- **Entries supplied**
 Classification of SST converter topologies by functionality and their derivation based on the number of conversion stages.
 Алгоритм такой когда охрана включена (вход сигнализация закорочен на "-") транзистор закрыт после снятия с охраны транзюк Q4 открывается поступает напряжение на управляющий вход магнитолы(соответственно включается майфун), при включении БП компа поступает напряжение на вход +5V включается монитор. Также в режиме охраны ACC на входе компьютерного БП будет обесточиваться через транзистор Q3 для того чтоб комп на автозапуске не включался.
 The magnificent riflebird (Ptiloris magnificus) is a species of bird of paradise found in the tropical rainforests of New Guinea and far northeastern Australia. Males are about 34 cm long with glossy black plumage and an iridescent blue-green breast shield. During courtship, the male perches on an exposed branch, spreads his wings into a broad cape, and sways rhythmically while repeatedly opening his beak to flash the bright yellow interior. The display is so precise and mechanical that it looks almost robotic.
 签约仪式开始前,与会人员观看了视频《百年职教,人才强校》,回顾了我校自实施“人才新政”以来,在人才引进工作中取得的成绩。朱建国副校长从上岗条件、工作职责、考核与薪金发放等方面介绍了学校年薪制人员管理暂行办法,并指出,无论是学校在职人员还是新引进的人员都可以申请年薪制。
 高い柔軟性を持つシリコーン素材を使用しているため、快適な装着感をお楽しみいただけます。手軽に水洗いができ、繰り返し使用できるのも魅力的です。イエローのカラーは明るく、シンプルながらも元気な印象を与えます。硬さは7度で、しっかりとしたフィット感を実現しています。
...
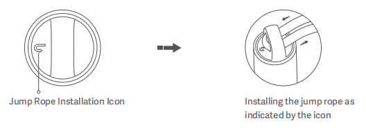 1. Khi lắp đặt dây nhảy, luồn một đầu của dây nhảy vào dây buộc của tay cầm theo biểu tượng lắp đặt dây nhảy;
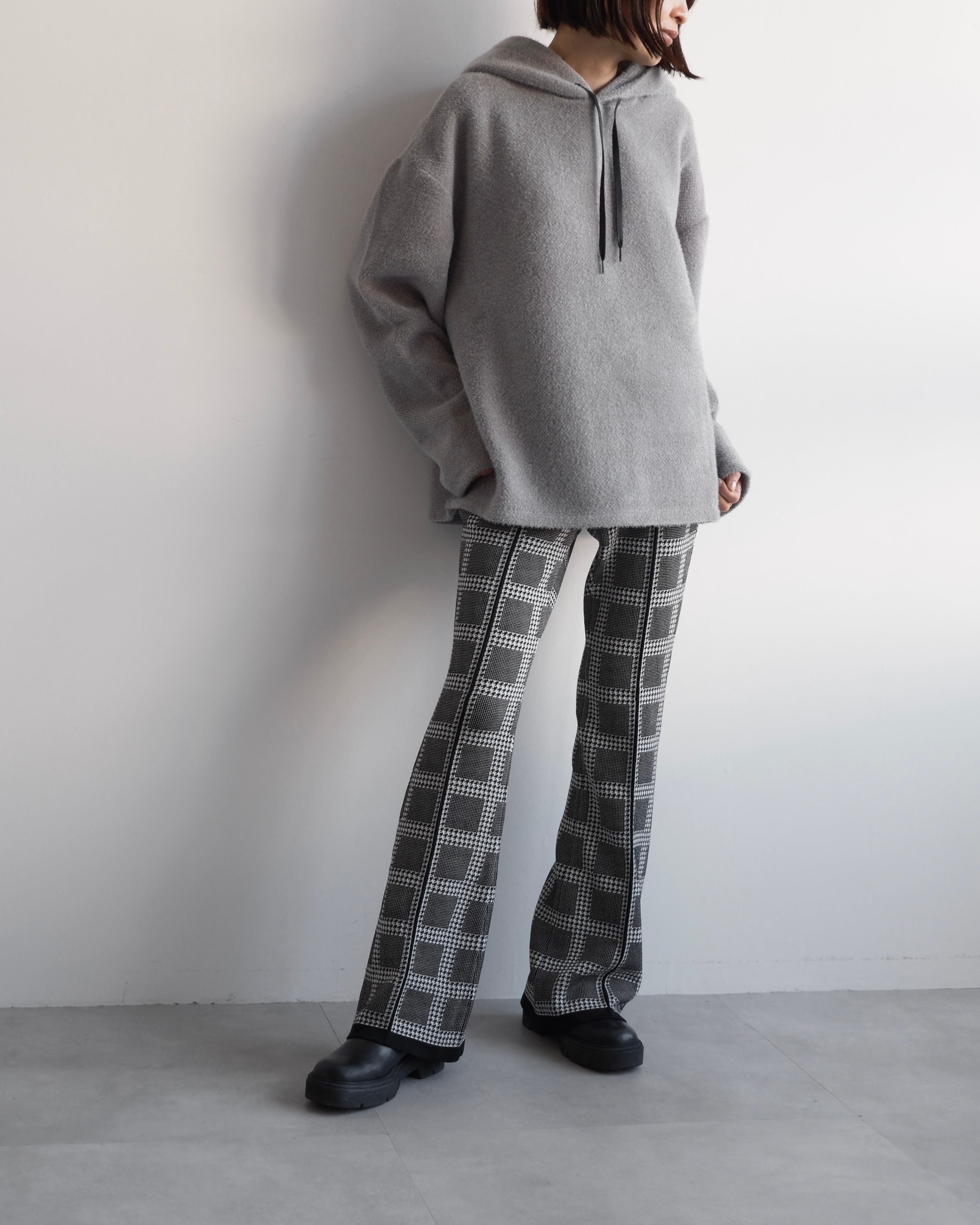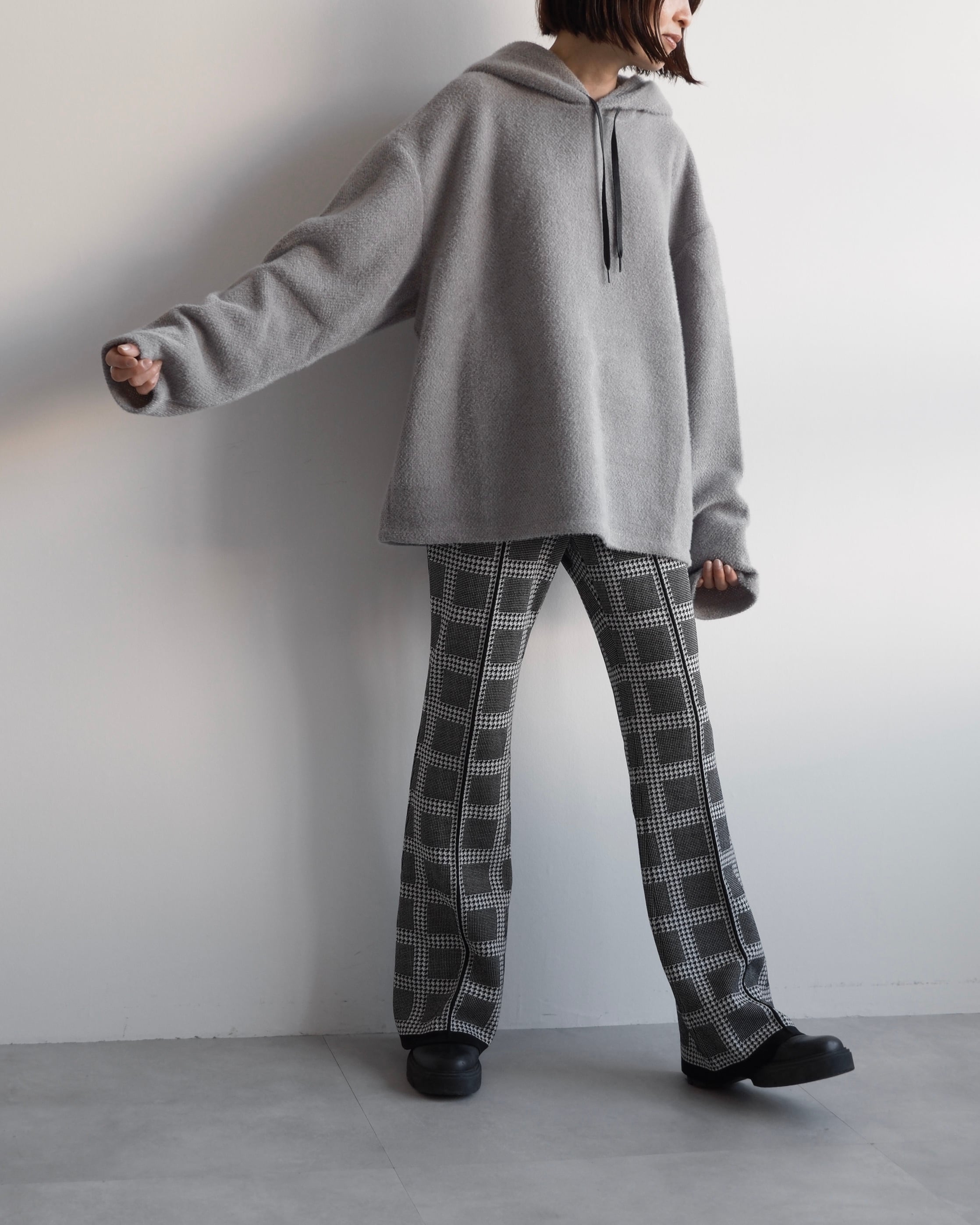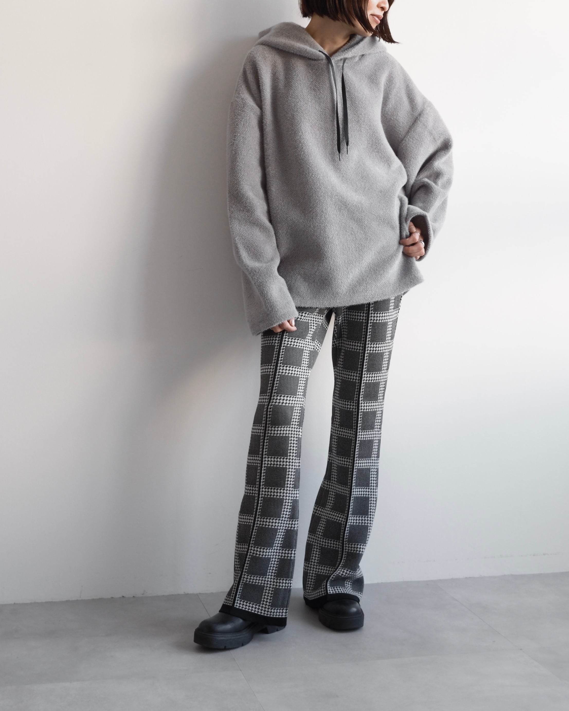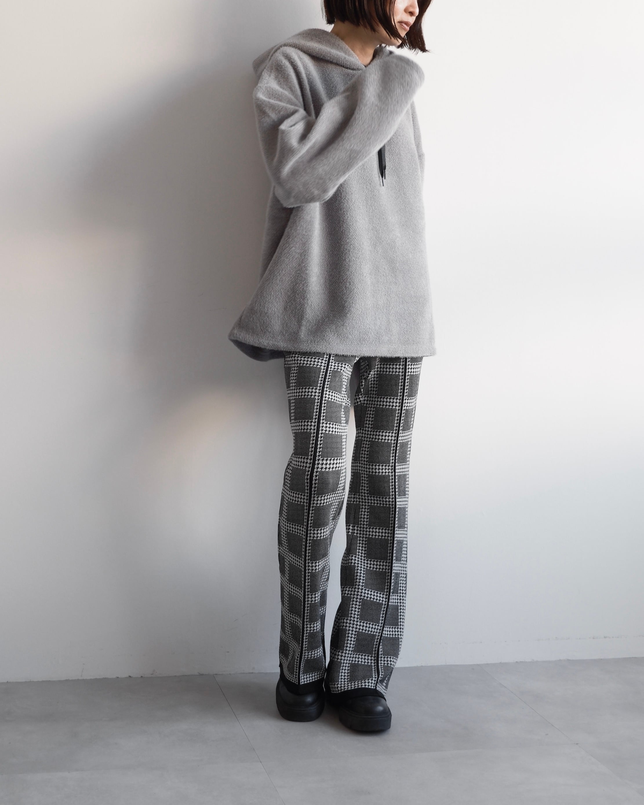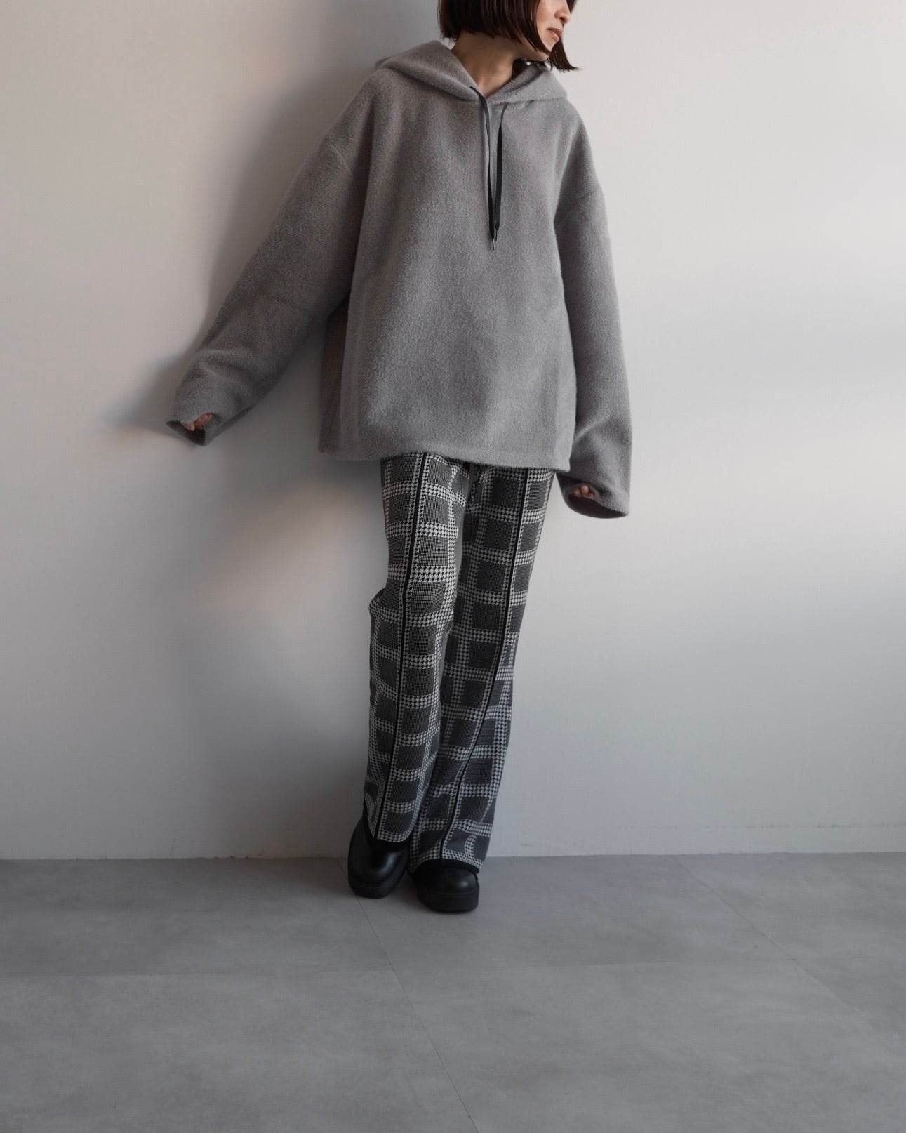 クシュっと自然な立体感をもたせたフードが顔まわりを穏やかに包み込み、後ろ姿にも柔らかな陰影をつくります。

- **Task to carry out**
Would you print exactly and only the lines of the material above that run from the line with "Classification of SST" through the line with "高い柔軟性を持つシリコーン素", both included?

- **Completed task**
 Classification of SST converter topologies by functionality and their derivation based on the number of conversion stages.
 Алгоритм такой когда охрана включена (вход сигнализация закорочен на "-") транзистор закрыт после снятия с охраны транзюк Q4 открывается поступает напряжение на управляющий вход магнитолы(соответственно включается майфун), при включении БП компа поступает напряжение на вход +5V включается монитор. Также в режиме охраны ACC на входе компьютерного БП будет обесточиваться через транзистор Q3 для того чтоб комп на автозапуске не включался.
 The magnificent riflebird (Ptiloris magnificus) is a species of bird of paradise found in the tropical rainforests of New Guinea and far northeastern Australia. Males are about 34 cm long with glossy black plumage and an iridescent blue-green breast shield. During courtship, the male perches on an exposed branch, spreads his wings into a broad cape, and sways rhythmically while repeatedly opening his beak to flash the bright yellow interior. The display is so precise and mechanical that it looks almost robotic.
 签约仪式开始前,与会人员观看了视频《百年职教,人才强校》,回顾了我校自实施“人才新政”以来,在人才引进工作中取得的成绩。朱建国副校长从上岗条件、工作职责、考核与薪金发放等方面介绍了学校年薪制人员管理暂行办法,并指出,无论是学校在职人员还是新引进的人员都可以申请年薪制。
 高い柔軟性を持つシリコーン素材を使用しているため、快適な装着感をお楽しみいただけます。手軽に水洗いができ、繰り返し使用できるのも魅力的です。イエローのカラーは明るく、シンプルながらも元気な印象を与えます。硬さは7度で、しっかりとしたフィット感を実現しています。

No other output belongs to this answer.